Drive along nearly any country road bordered by grassy fields and unmowed roadsides in Georgia now, and you’re apt to spy the tall, brilliant orange blooms of one of Georgia’s most beautiful summer wildflowers, the butterfly weed.
It’s appropriately named because it draws a variety of butterflies like a magnet. During an hourlong stroll across a sun-filled meadow in the Piedmont National Wildlife Refuge in Middle Georgia last week, I saw six butterfly species — red-spotted purple, eastern tiger swallowtail, cloudless sulphur, pearl crescent, common buckeye and variegated fritillary — feeding at the nectar-rich blooms of butterfly weed. In addition, a bevy of bees and other pollinators vied for the energy-packed nectar.
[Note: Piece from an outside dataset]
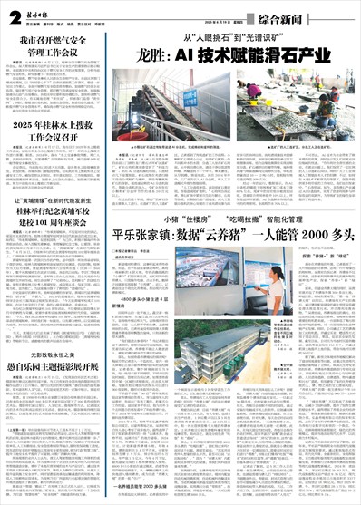 探索“养猪+”新“绿径” 漫步在养猪场的外围,记者看到了一大片绿油油的甘蔗林,还有一片片青绿色的桉树林。吴黄宏告诉记者,养猪场不仅仅养猪,还探索利用养猪产生的废弃物发展种植产业,探索“养猪+”新“绿径”。 原来,在建设养猪大楼的同时,吴黄宏就承包了养猪场外围300多亩土地,种植甘蔗、桉树和果树等。“第一栋‘养猪大楼’启用后,养猪场每天产生的粪污,通过猪场配套建设的超大型环保低碳处理系统处理污水,并合理利用废弃物。”吴黄宏说,养猪场排出的粪污,经过处理后成为周边甘蔗林、桉树林和果树重要的有机肥来源,一方面降低了粪污排放对环境的影响,另一方面则助力生态种植产业发展。同时,公司通过工艺把猪粪加工成有机肥,并通过买卖、赠送等方式用于周边农田、果园,促进农业绿色发展。截至目前,公司共为当地村民提供搬运、建筑等就业岗位150多个,并通过租赁土地提升土地价值,带动当地村民增收50万元。 据了解,新型立体楼房养殖模式解决了建设用地紧张等问题,还通过先进现代设施设备构建了立体式、纵深式生物安全防控体系。养猪场外围道路进行专用化设计,并结构性地区分洗消中心与饲料道路、人员进场道路、出猪道路、物料通道和污水厂道路,有效避免了集约化养殖导致的人、猪、物之间的交叉感染风险。“养猪大楼”的第一批生猪预计今年10月份出栏,产值预计可达900万—1200万元。 “‘楼房养猪’不仅提高了养殖效率,还减少了饲料浪费,提升了饲养生猪的健康水平,最终增加了养殖企业的经济效益。”据张家镇党委委员、副镇长彭露饶介绍,弘鑫养殖有限公司的探索和实践,走在了全市科学养猪产业的前沿,成为养殖行业数字化转型的一个典范。今后,该镇将继续探索智能化、绿色化的养殖模式,提高当地农业现代化水平,以此助力乡村振兴。 记者从平乐县农业农村局了解到,近年来,平乐县严格按照全市推进现代设施农业发展规划要求,通过聚焦集群式布局、现代化升级、全链条招引、全流程服务,全力推动和服务现代设施畜牧业高质量发展,积极推行立体楼房养猪高效智能等现代设施畜牧新模式。2024年,该县猪、牛、羊出栏总数达25.83万头,现代设施畜牧业总产值达9.35亿元,现代设施畜牧业养殖项目占地面积约3377亩,总投资达18.96亿元。预计2025年猪、牛、羊出栏总数达28.5万头,同比增长10%,现代设施畜牧业产值达10.2亿元,同比增长9.1%。

The butterfly weed (Asclepias tuberosa) is one of 22 species of native milkweeds in Georgia — but it is by far the most majestic of them with its neon-bright flowers that seem to shout, "look at me," even from afar. It is also the most unusual of the milkweeds in that it produces clear sap, unlike the white, milky sap characteristic of other milkweeds.
It’s called “weed” (short for milkweed) but that is a disservice. Unlike weeds, it’s neither aggressive nor invasive. It’s drought-tolerant and sun-loving and will bloom all summer long.
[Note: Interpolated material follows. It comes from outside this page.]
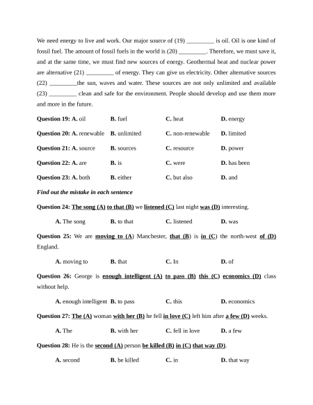 We need energy to live and work. Our major source of (19) _________ is oil. Oil is one kind of

Native milkweeds, of course, are invaluable for monarch butterflies, whose caterpillars feed only on milkweed foliage. So, it’s not uncommon to find monarch caterpillars on a butterfly weed while adult monarchs sip nectar from the flowers.
Poets, too, are drawn to the butterfly weed’s striking beauty. In his poem “The Tuft of Flowers,” Robert Frost poignantly tells of coming upon a blooming butterfly weed in a hayfield newly mowed by a farmworker wielding a scythe. The butterfly weed is the only plant still standing, untouched by the worker’s blade perhaps because of its splendid beauty.
“A leaping tongue of bloom the scythe had spared,” Frost wrote.
IN THE SKY: From David Dundee, Tellus Science Museum astronomer: The moon will be first quarter Saturday night. Mercury and Venus are low in the west just after dark and set less than an hour later. Mars rises in the east about four hours before sunrise. Jupiter and Saturn rise in the east just before midnight.